# Aim of the exercise
Write out the data below in full, unchanged, minus the images.
>>>>>
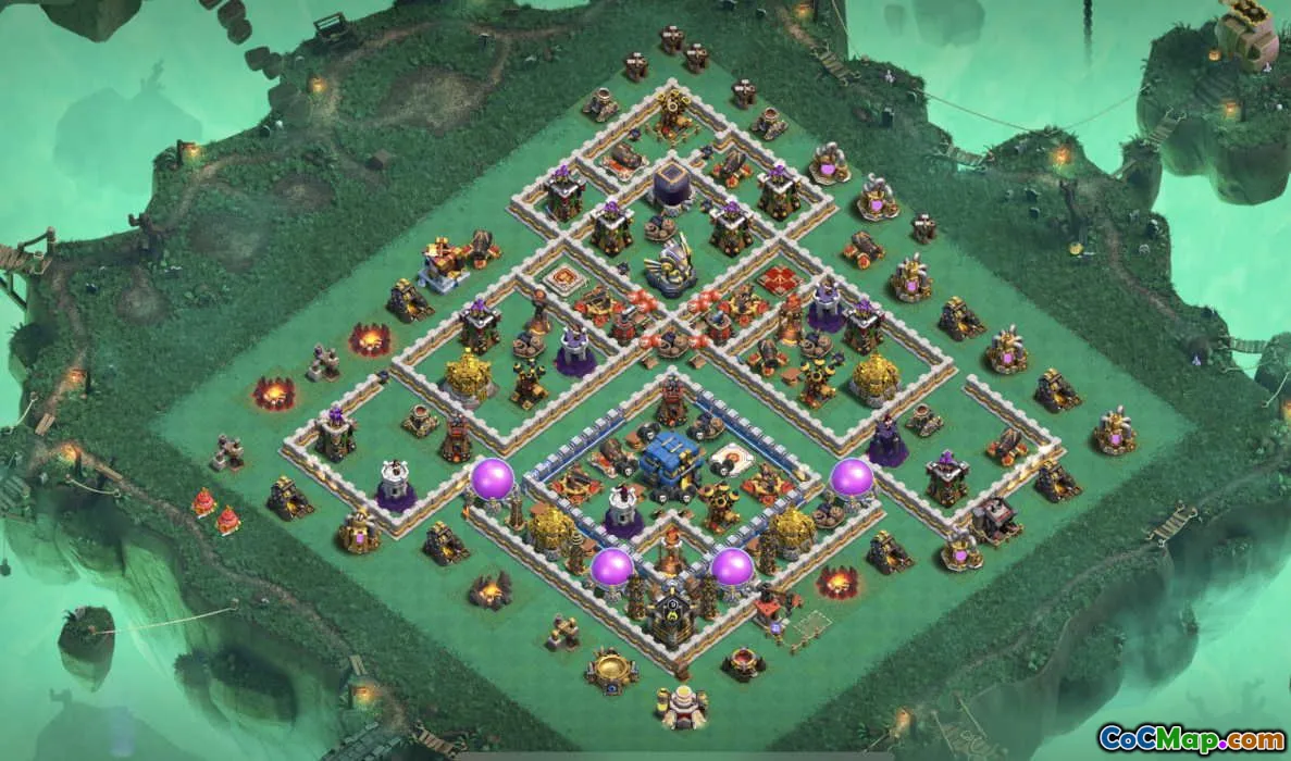 In addition to the general defense setup, specialized base designs are available for different purposes like war defense, trophy protection, or resource safeguarding. War bases are typically arranged to prevent enemies from accessing the core of the village easily, while trophy bases focus on protecting winnings during multiplayer battles. Resource bases aim to make stealing resources more difficult, encouraging attackers to think twice before launching their assault.
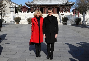 Brigitte Macron w czerwonym plaszczyku i Emmanuel Macron podczas wizyty w Chinach
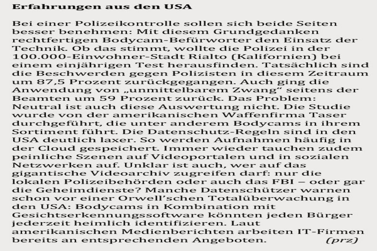In Hessen hingegen ist der Datenschutzbeauftragte zufrieden: Es gibt keine Tonaufzeichnungen, die Videos werden verschlüsselt gespeichert und auf einen PC ohne Internetanbindung überspielt. Um Mauschelei von Anfang an auszuschließen, dürfen sie nur von einem Vorgesetzten angesehen und, sofern keine Straftat vorliegt, gelöscht werden. In den USA scheint diese Regelung noch nicht einwandfrei zu funktionieren. Sowohl in New Orleans als auch in San Diego – beides Städte mit verrufenen Polizeibehörden – tragen Beamte schon länger Bodycams. Trotzdem sind selbst nach tödlichen Schüssen häufig keine Aufnahmen verfügbar, weil die Polizisten selbst entscheiden, wann sie filmen und wann nicht.
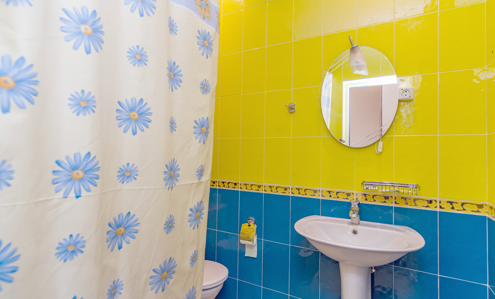 Санузел: с душевой кабиной, тапочки, фен
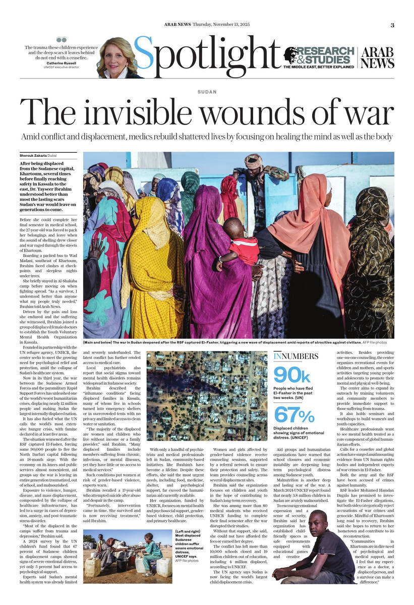 DUBAI: After being displaced from the Sudanese capital, Khartoum, several times before finally reaching safety in Kassala to the east, Dr. Tayseer Ibrahim understood better than most the lasting scars Sudan’s war would leave on generations to come.
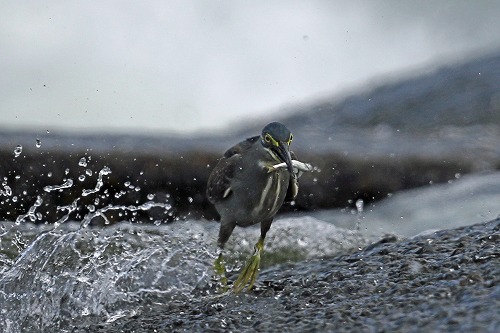 | 飛沫がかかるこの場所で頑張っているのは第1回夏羽の若鳥と思う。 背や雨覆に褐色味があり、下嘴に黄色味がある。 |
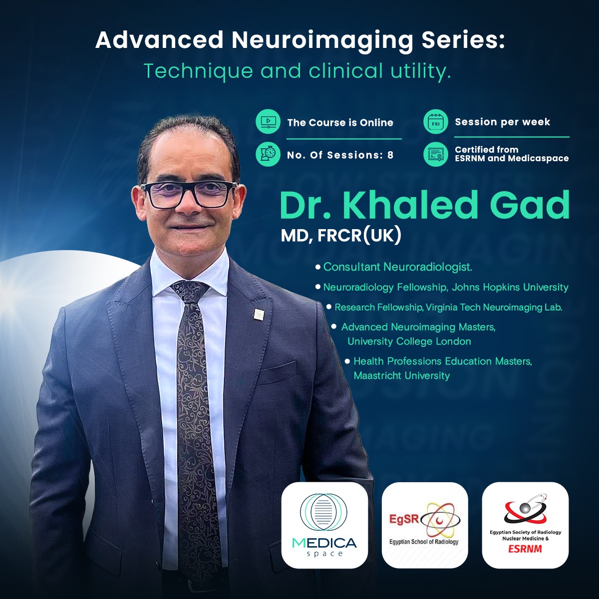 الأستاذ الدكتور: خالد جاد استشارى أشعة المخ والأعصاب بخبرة 15 عامًا بعد الحصول على شهادة الدكتوراة والزمالة البريطانية
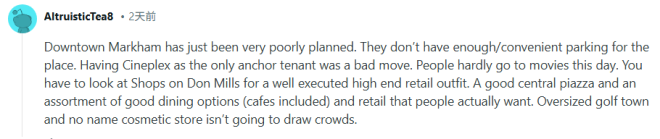 “万锦市中心的整体规划真的很糟糕,停车位不足且不方便。把Cineplex作为唯一的核心引流商户,本身就是一个错误的决定。现在这个时代,去电影院的人本来就越来越少。”
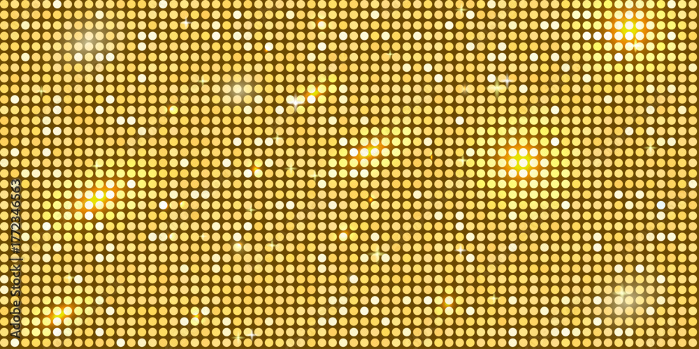 >Fototapety na wymiar>Wybrane motywy - zobacz więcej !>Zebra>Golden disco ball inspired glitter mosaic pattern with sequin shine and sparkle texture. Circles halftone backdrop. Yellow party background with mirror light decoration. Vector illustration.
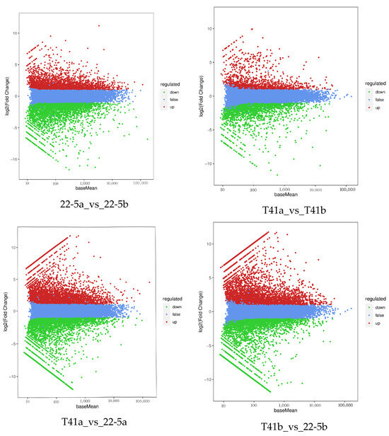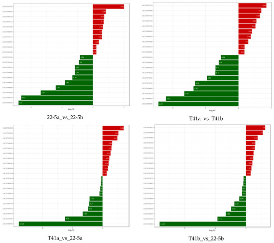Meanwhile, compared with 22-5a, LOC107875751 was significantly up-regulated, and LOC107875512, LOC107859857, LOC107848404, LOC107842932, LOC107859857, LOC107859858, LOC107875254, LOC107854033, and LOC107848492 were significantly down-regulated in the 22-5b group. In the T41a vs. T41b group, LOC107875254, LOC107848492, LOC107875512, LOC107859857, and LOC107859858 were significantly down-regulated. In the T41a vs. 22-5a group, LOC107854033, LOC107859858, LOC107875512, LOC107848492, LOC107840121, and LOC107859857 were significantly up-regulated, while LOC10785254, LOC107851279, LOC10785751, LOC107864479, LOC107873361, and LOC107848561 were significantly down-regulated.
<<<<<
# Task answer
 In addition to the general defense setup, specialized base designs are available for different purposes like war defense, trophy protection, or resource safeguarding. War bases are typically arranged to prevent enemies from accessing the core of the village easily, while trophy bases focus on protecting winnings during multiplayer battles. Resource bases aim to make stealing resources more difficult, encouraging attackers to think twice before launching their assault.
 Brigitte Macron w czerwonym plaszczyku i Emmanuel Macron podczas wizyty w Chinach
In Hessen hingegen ist der Datenschutzbeauftragte zufrieden: Es gibt keine Tonaufzeichnungen, die Videos werden verschlüsselt gespeichert und auf einen PC ohne Internetanbindung überspielt. Um Mauschelei von Anfang an auszuschließen, dürfen sie nur von einem Vorgesetzten angesehen und, sofern keine Straftat vorliegt, gelöscht werden. In den USA scheint diese Regelung noch nicht einwandfrei zu funktionieren. Sowohl in New Orleans als auch in San Diego – beides Städte mit verrufenen Polizeibehörden – tragen Beamte schon länger Bodycams. Trotzdem sind selbst nach tödlichen Schüssen häufig keine Aufnahmen verfügbar, weil die Polizisten selbst entscheiden, wann sie filmen und wann nicht.
 Санузел: с душевой кабиной, тапочки, фен
 DUBAI: After being displaced from the Sudanese capital, Khartoum, several times before finally reaching safety in Kassala to the east, Dr. Tayseer Ibrahim understood better than most the lasting scars Sudan’s war would leave on generations to come.
 | 飛沫がかかるこの場所で頑張っているのは第1回夏羽の若鳥と思う。 背や雨覆に褐色味があり、下嘴に黄色味がある。 |
 الأستاذ الدكتور: خالد جاد استشارى أشعة المخ والأعصاب بخبرة 15 عامًا بعد الحصول على شهادة الدكتوراة والزمالة البريطانية
 “万锦市中心的整体规划真的很糟糕,停车位不足且不方便。把Cineplex作为唯一的核心引流商户,本身就是一个错误的决定。现在这个时代,去电影院的人本来就越来越少。”
 >Fototapety na wymiar>Wybrane motywy - zobacz więcej !>Zebra>Golden disco ball inspired glitter mosaic pattern with sequin shine and sparkle texture. Circles halftone backdrop. Yellow party background with mirror light decoration. Vector illustration.
Meanwhile, compared with 22-5a, LOC107875751 was significantly up-regulated, and LOC107875512, LOC107859857, LOC107848404, LOC107842932, LOC107859857, LOC107859858, LOC107875254, LOC107854033, and LOC107848492 were significantly down-regulated in the 22-5b group. In the T41a vs. T41b group, LOC107875254, LOC107848492, LOC107875512, LOC107859857, and LOC107859858 were significantly down-regulated. In the T41a vs. 22-5a group, LOC107854033, LOC107859858, LOC107875512, LOC107848492, LOC107840121, and LOC107859857 were significantly up-regulated, while LOC10785254, LOC107851279, LOC10785751, LOC107864479, LOC107873361, and LOC107848561 were significantly down-regulated.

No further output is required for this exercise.